Building encryption circuitry for a known encryption application is easy. If the number of channels to be encrypted and authenticated, and data rate of each channel, are known, an appropriate number of lanes of encryption circuitry can be provided. There could be one lane per channel, or if the data rate is higher than the speed of the device, there could be a correspondingly higher number of lanes per channel.
However, if the encryption circuitry is being built for an unknown encryption application—whether as a fixed multi-purpose encryption circuit or as part of a programmable integrated circuit device such as a field-programmable gate array (FPGA) or other programmable logic device (PLD)—then the problem becomes more difficult. Whatever number of lanes may be provided may not easily map to the particular application that a user may attempt to implement.
In one application, a user may need fewer channels than there are lanes. If the data rate is lower than the device speed, that application is trivial; each channel could be encrypted in one lane. But once the number of channels exceeds the number of lanes, or if the data rate exceeds the device speed so that more than one lane is needed per channel, complications can arise.
For example, if there are three lanes and four channels, the four channels will have to be multiplexed onto the three lanes (e.g., by time-division multiplexing). That in itself is not difficult. However, the different channels may have different encryption keys, and even for a given channel the key may change over time. In such a case, for any time slice, the correct key for the correct channel will have to be delivered to the appropriate lane.

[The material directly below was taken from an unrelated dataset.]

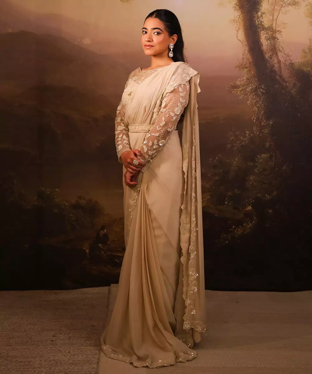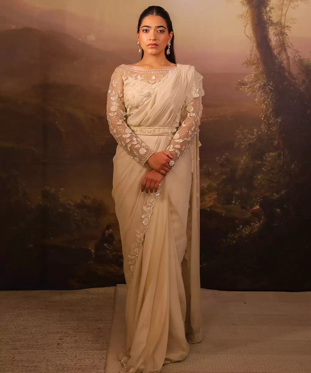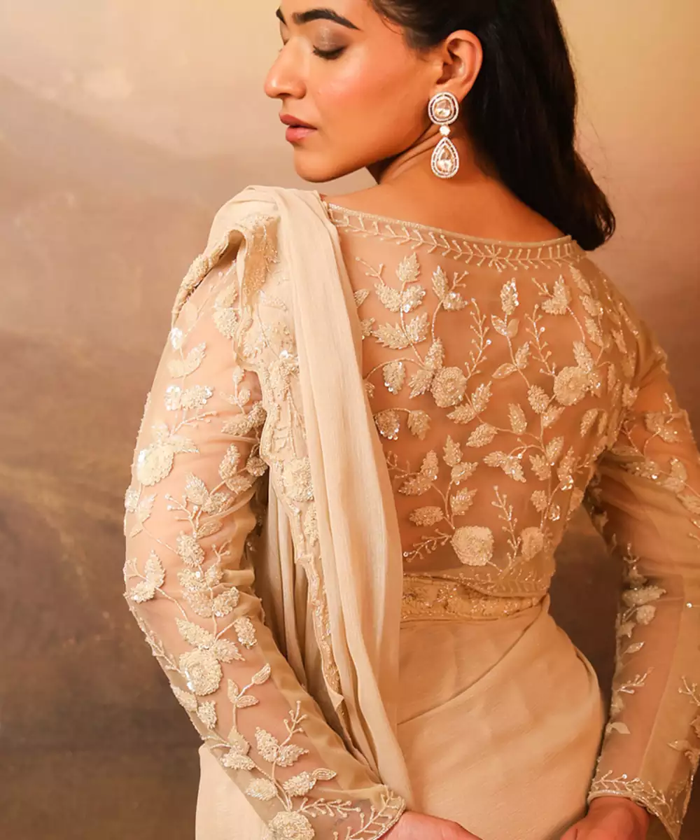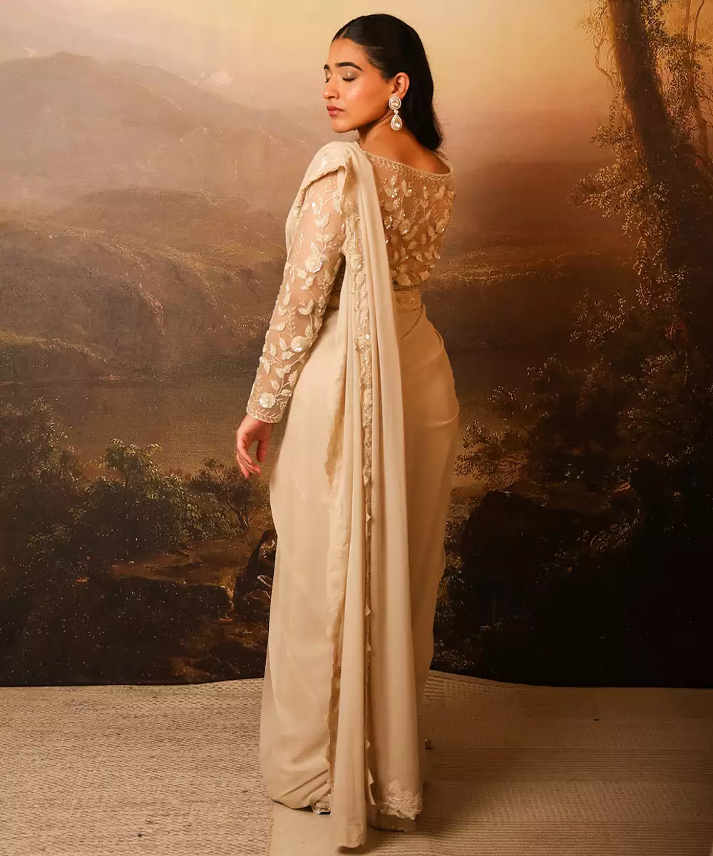 This Ivory Embroidered Net Saree Showcases Delicate Craftsmanship With Intricate Detailing Across Its Sheer, Lightweight Fabric. The Elegant Ivory Hue Adds A Timeless Charm, While The Fine Embroidery Enhances Its Luxurious Appeal. Perfect For Weddings, Festive Occasions, And Evening Events, It Pairs Beautifully With Ornate Jewelry For A Graceful, Sophisticated Look.
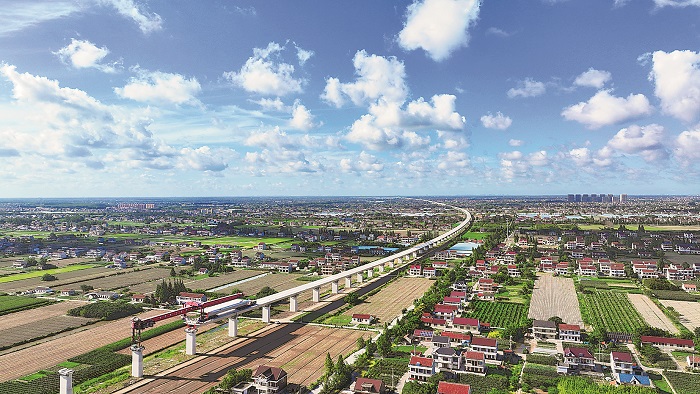 On July 22, at the Qidong Grand Bridge beam erection site in Qidong city, Jiangsu province, the last 40-meter box girder was precisely lifted and placed onto the bridge pier by a girder launcher, completing the installation of all 40-meter box girders on the Shanghai-Nanjing section of the Shanghai-Nanjing-Hefei High Speed Railway.

Similarly, it may be necessary to divide each channel among multiple lanes because the data rate exceeds the device speed. If so, the same problem of delivering the correct key to the correct lane at the correct time will arise. In addition, depending on the number of channels and the number of lanes, the actual encryption or authentication operations may not be able to complete within the number of clock cycles between appearances of a particular channel in a particular lane.